Despite being a hit with the critics and winning a Golden Globe for Best Picture, A Night to Remember floundered at the US box office and struggled to make back its massive production budget. No expense had been spared at all during production—especially when it came to recreating the ship’s sinking, as its star Kenneth More was only too keen to explain.

Finding that there wasn’t a tank large enough at Pinewood to film the actual sinking of the Titanic, the production briefly relocated to a massive outdoor lido in Ruislip, London, in the winter of 1957–58. That meant that a memorable scene in which numerous survivors struggle to climb into lifeboats had to be filmed outdoors, on a nearly frozen lake, at 2 a.m. in the depths of winter.

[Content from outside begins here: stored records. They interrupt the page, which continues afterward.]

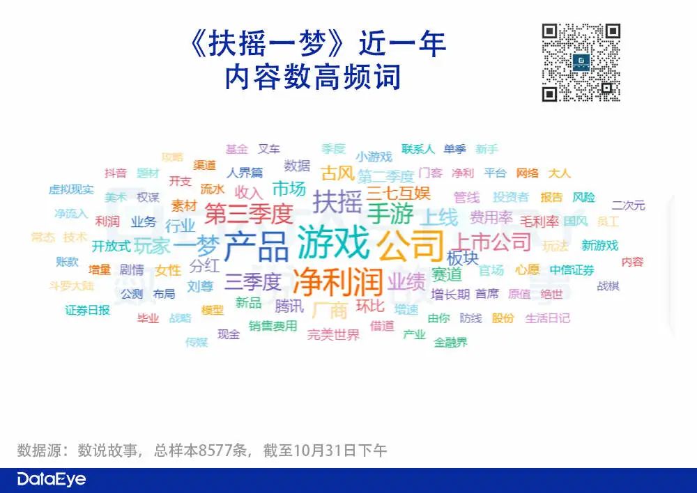 内容高频词方面:除了游戏名外,居多的是三七、业绩相关的词汇;例如“人界篇”、“净利润”、“第三季度”等等。除此之外,也有“剧情”、“二次元”等词汇,与游戏内容、风格强相关。
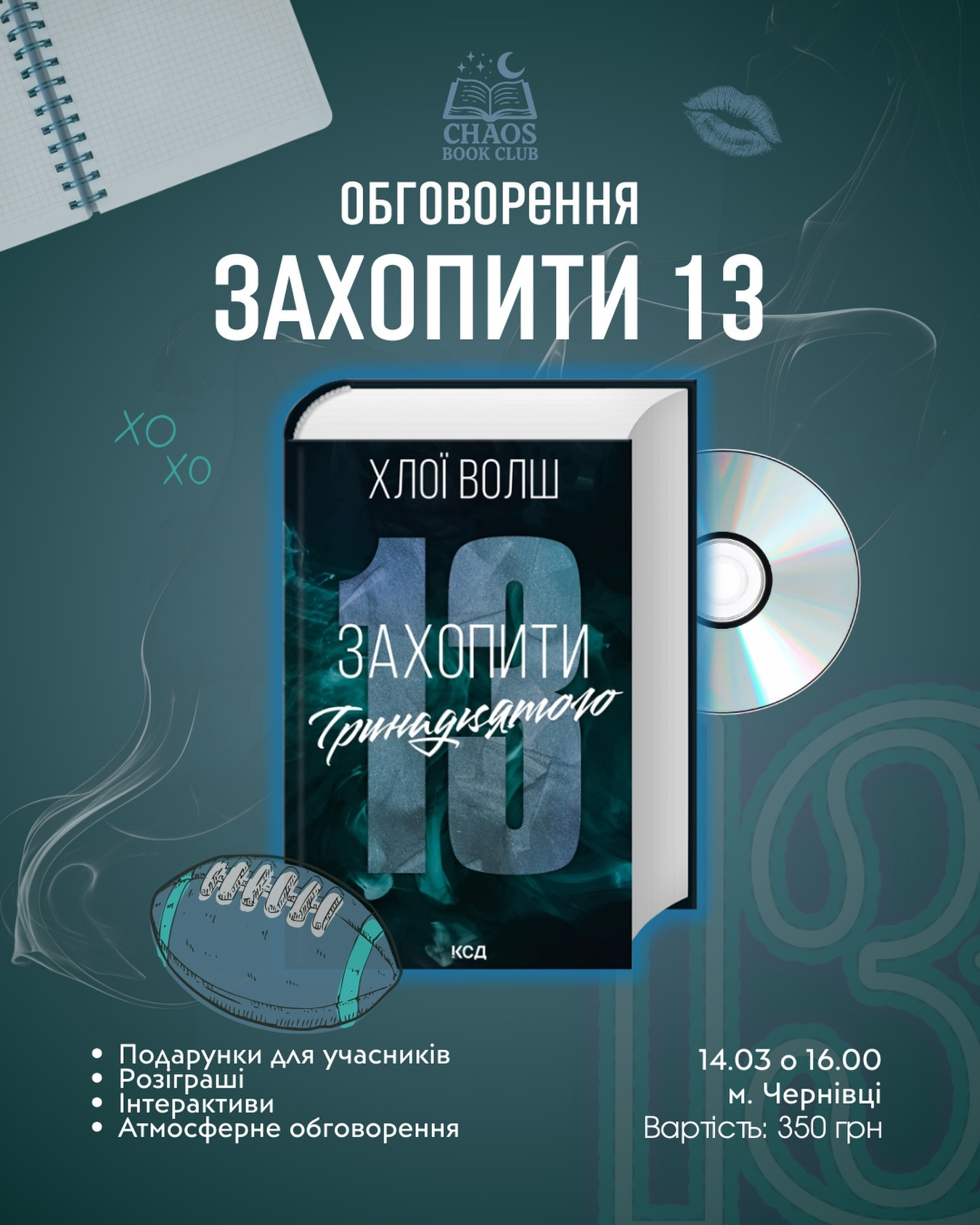 Обговорення книги "Захопити тринадцятого" Хлої Волш у місті Чернівці
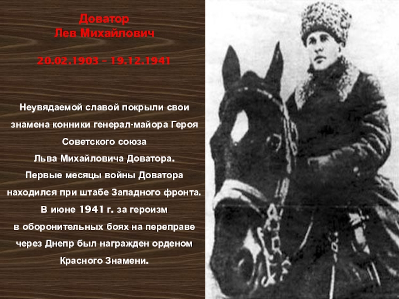 Слайд 47Гитлеровское командование назначило за голову Доватора
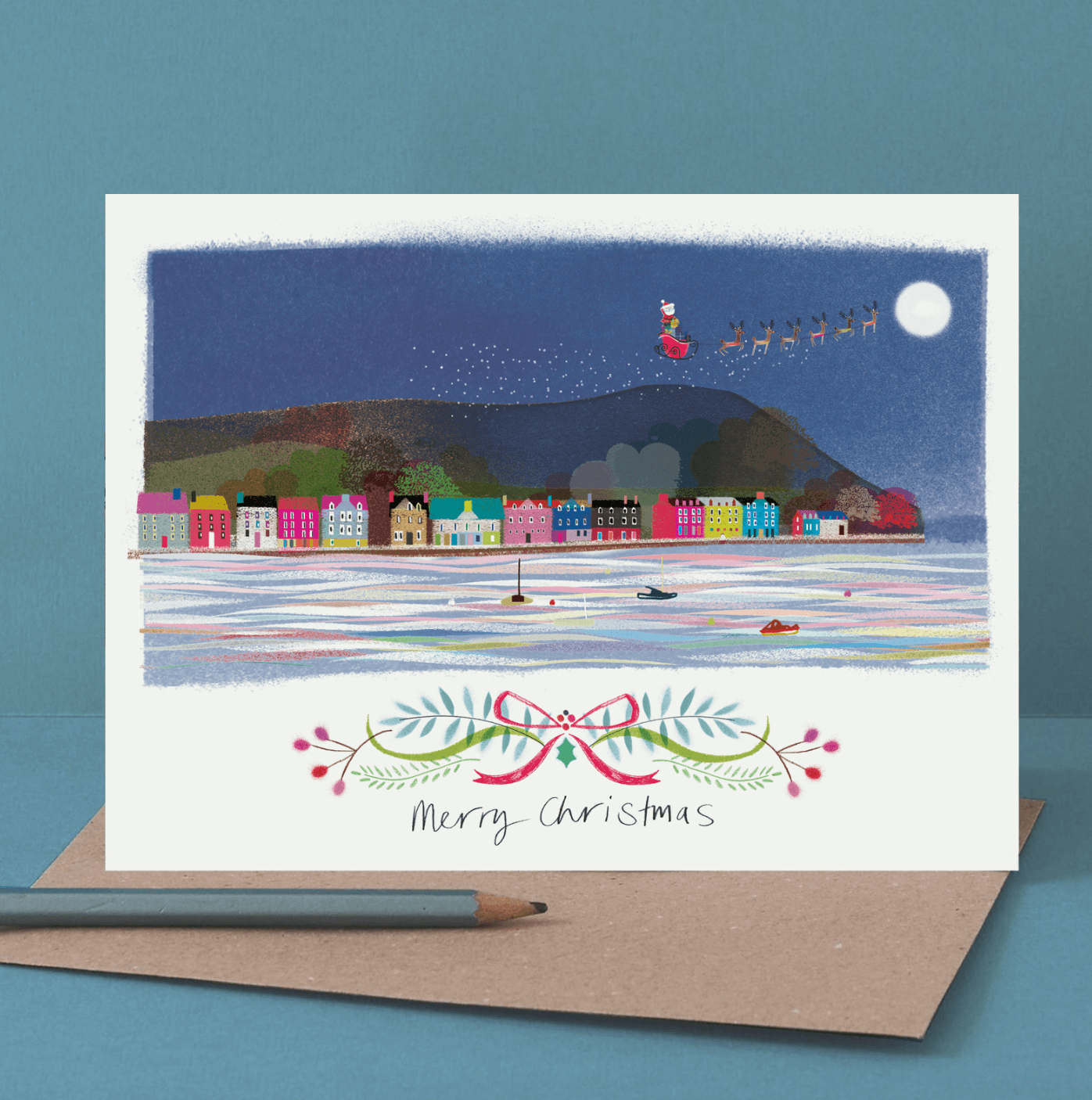 Uniquely designed by Ilona Drew this stunning Christmas card featuring Tobermory in Scotland has been printed in the UK on quality 350gsm board and measuring 178mm x 130mm.

Noticing that his fellow cast members and extras weren’t particularly keen to jump into an icy lake, More took control, and—as he later wrote in his autobiography—jumped into the lido with a rousing call of “Come on!”

“Never have I experienced such cold in all my life,” he recalled. “It was like jumping into a deep freeze. The shock forced the breath out of my body. My heart seemed to stop beating. I felt crushed, unable to think. I had rigor mortis, without the mortis. And then I surfaced, spat out the dirty water and, gasping for breath, found my voice. ‘Stop!’ I shouted. ‘Don’t listen to me! It’s bloody awful! Stay where you are!’